Дневник - [68]
Но сегодня, из-за войны и революции, роли переменились. Теперь, я полагаю, действительность на нашей стороне и против Парижа. Наш идеализм был изнасилован. Нас лишили мечтаний. К черту! В течение нескольких лет немецкой оккупации вы трогали нашу жизнь рукой без перчатки, пропал матрас, на котором вы удобно спали, не касаясь земли, а теперь антеевское прикосновение к земле должно, по идее, придать вам силы. А после войны наступил коммунизм, то есть дальнейшее отрицание идеализма и низведение женщины с небес на землю, во всяком случае, из высоких сфер в низкую, в сферу пролетариата. И это относится как к женщинам в Польше, так и к тем, кто в эмиграции работает портнихой, сиделкой, продавщицей…
Кое-кого из них я даже знаю.
К чему же стремится в новой ситуации эта экс-дама? Исключительно к тому, чтобы ни на мгновение не перестать быть дамой. Она желает одеваться элегантно, хоть эта элегантность вынуждена быть в силу обстоятельств бедненькой. Она хочет быть модной, хоть ее доходов не хватит на последние модели. Шляпки у нее хоть и из Парижа, но из какого-то третьеразрядного Парижа. Такие, как она, вздыхают по салонам, хоть доступный им салон может быть только деклассированным салоном. Ее вкусы и эстетика принадлежат той еще эпохе, они утонченны. Ты можешь разговаривать с ней часами и ни за что не догадаешься, что ей довелось пережить в жизни что-то иное, суровое.
Эх, полька, если бы ты стала более творческой… По крайней мере, смогла бы в противостоянии с миром более решительно опереться на собственные достоинства. Я не хочу искушать тебя, но не могла бы ты внутренне взбунтоваться против той женщины, которой ты являешься, коль скоро ты больше не такова? Мне ничего от тебя не надо, кроме той искры бунта, который дал бы свободу твоей собственной реальности. Стань женщиной «не от мира сего», т. е. не от западного буржуазного мира. А от какого мира тебе быть? От пролетарского? Ни в коем случае, потому что это тоже не твоя стихия. Попытайся быть вне одного и другого, а вернее — между первым и вторым, позволь своей ситуации продиктовать тебе твой стиль.
Речь вовсе не о том, чтобы ты знала, чего ты хочешь. Достаточно, если ты будешь знать, чего ты не хочешь. Остальное приложится.

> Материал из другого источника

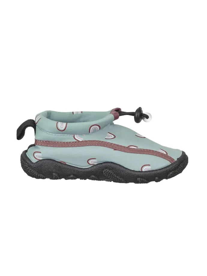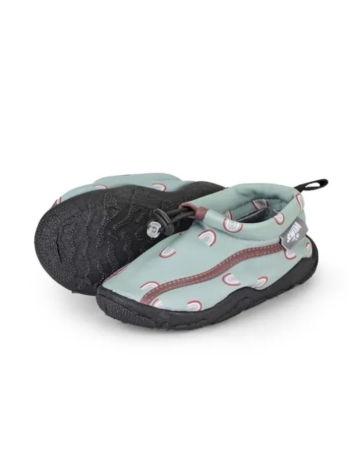 Badeschuhe aus Funktionsmaterial bedruckt mit Regenbogen /// mit Kordelstopper /// und einer rutschfesten Sohle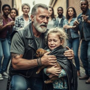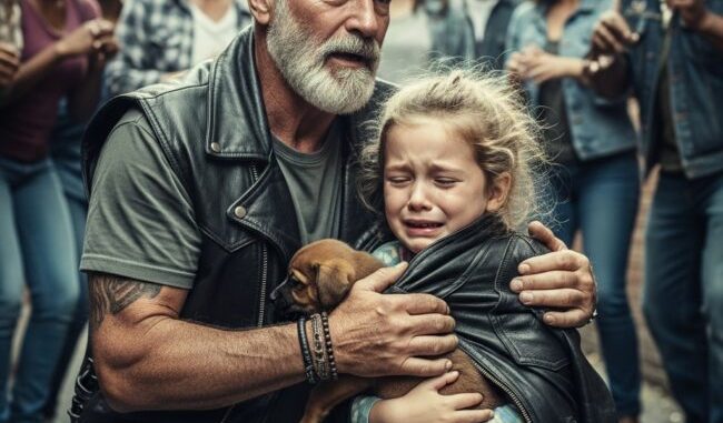 An old biker kneels to shield a lost little girl and her shaking dog in a crowded alley, triggering a chain of events that seem simple on the surface but hide a truth painful enough to silence an entire street.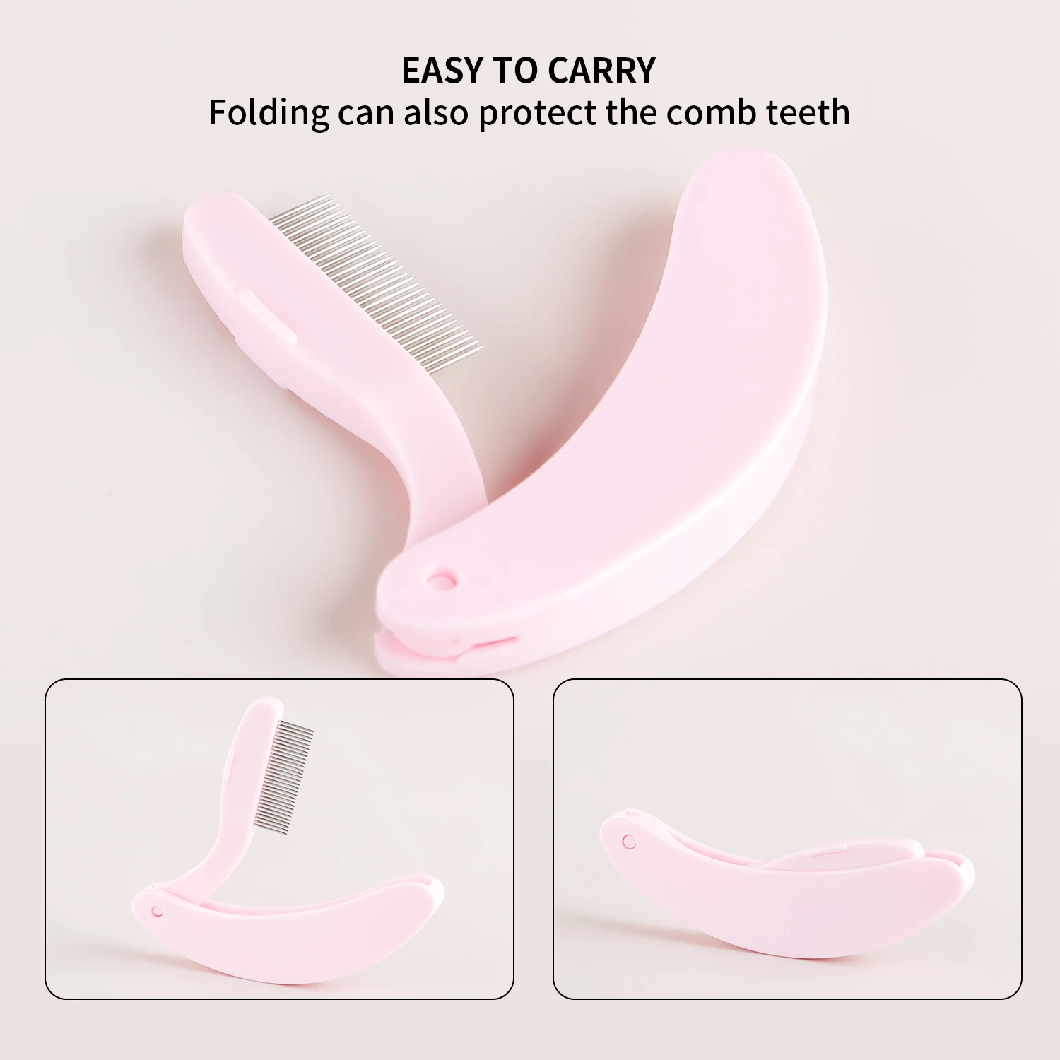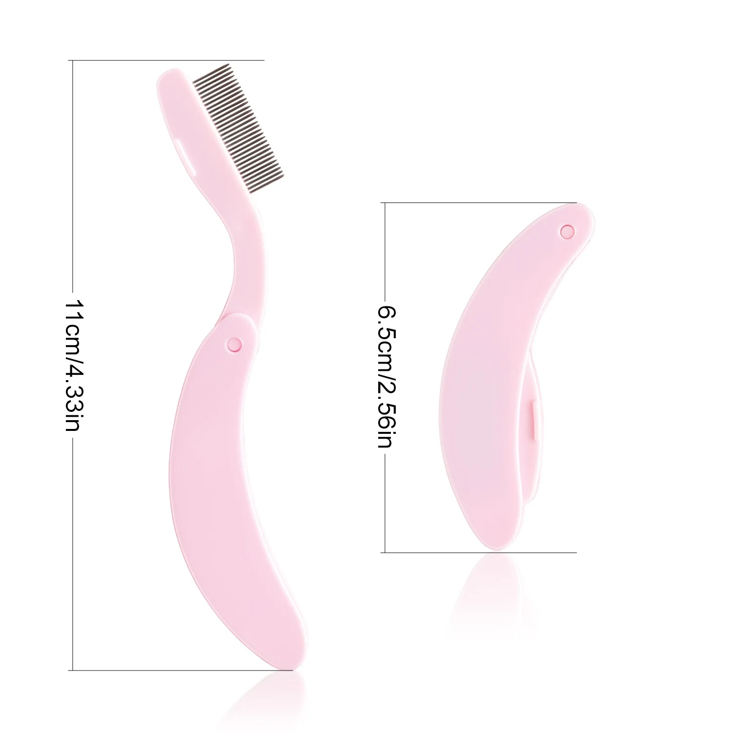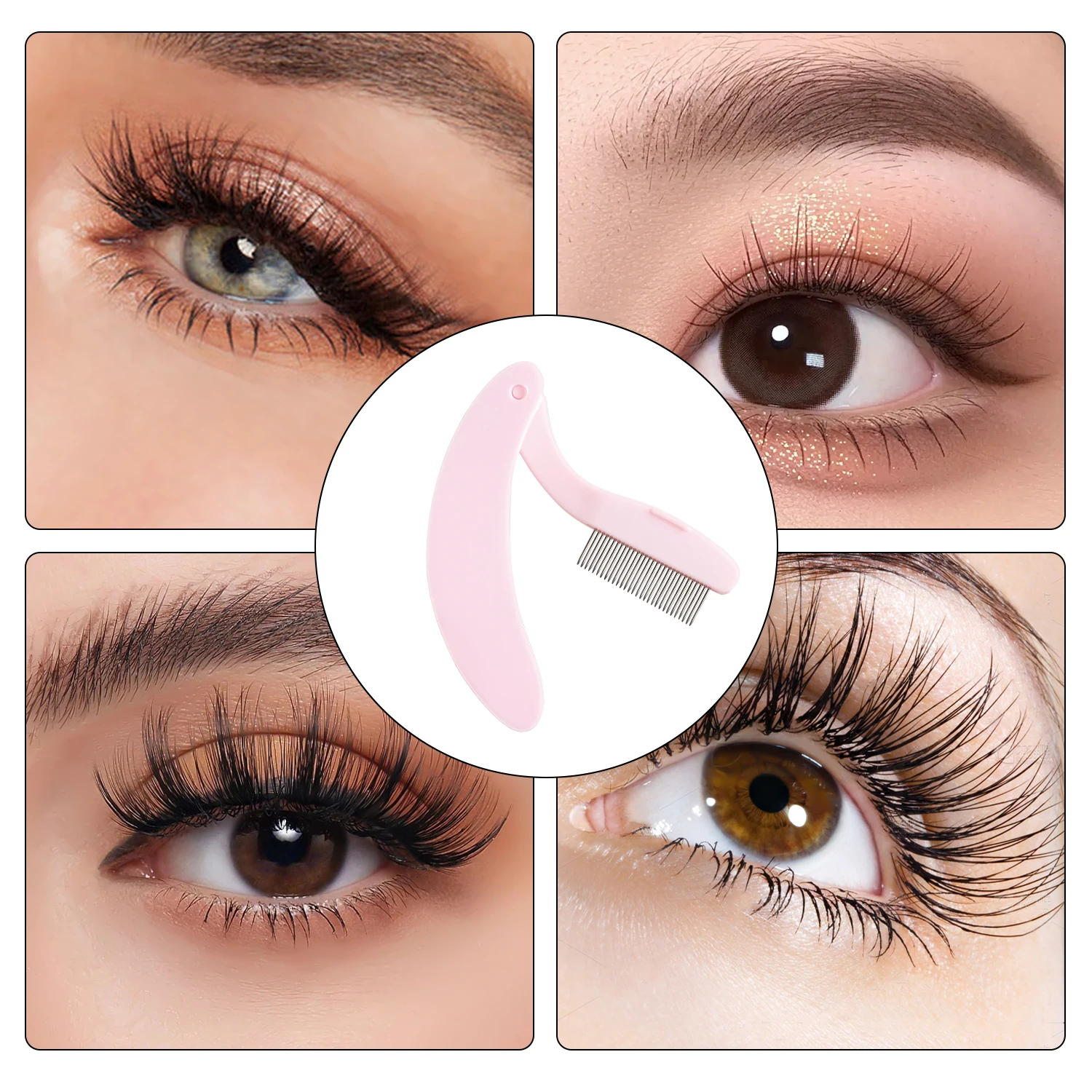 1-pack curved design eyelash beauty folding separator portable eyelash brush comb eyelashes stainless steel eyelash combing tool

Отвернись от недоступной тебе красоты, и тем самым ты примешь участие в реформе женственности.
Понедельник
Вчера в Польском клубе. Я попал в самый разгар перемывания моих косточек и моих произведений. Благосклонный в отношении меня доклад сделал Кароль Свечевский, а пани Езерская выступила с докладом контра… Потом была дискуссия, под конец которой я и появился.
Томас Манн, испытанный в этих делах знаток, однажды заметил, что если искусство с самого начала растет в блеске признания, то это одно искусство, а если ему с трудностями и ценой многих унижений и неудач придется постепенно отвоевывать себе место, это уже совсем другое искусство. Как бы выглядело мое творчество, если бы с первого мгновения оно было увенчано лаврами, если бы я до сего дня после стольких лет не был бы вынужден отдаваться ему как чему-то запретному, постыдному и неправильному? Но, тем не менее, когда я вошел в зал, большинство присутствующих поприветствовали меня доброжелательно, и у меня сложилось впечатление, что настроения очень изменились со времен, когда в «Культуре» появились фрагменты «Транс-Атлантика». Я отношу это целиком на счет моего дневника. Мне также сообщили, что большинство из выступивших высказались в мою пользу.
Погруженный в волнующуюся толпу, я ощущал себя как моряки Одиссея: сколько искусительниц-сирен в этих дружественных и расположенных ко мне лицах, пришедших на встречу со мной! Может быть, и не было бы трудно броситься этим людям на шею, сказать: я — ваш и всегда им был. Но будь осторожен! Не дай подкупить себя симпатией! Не допусти того, чтобы ты растаял от слащавых сентиментализмов и зыбкого взаимопонимания с массой, в котором утонуло столько польской литературы. Всегда будь отстраненным! Будь апатичным, недоверчивым, трезвым, острым и неожиданным. Держись, парень! Не дай своим освоить тебя и присвоить! Твое место не среди них, а вне их, ты — что-то вроде веревки, которую дети называют скакалкой, — ее выкидывают перед собой, чтобы перескочить через нее.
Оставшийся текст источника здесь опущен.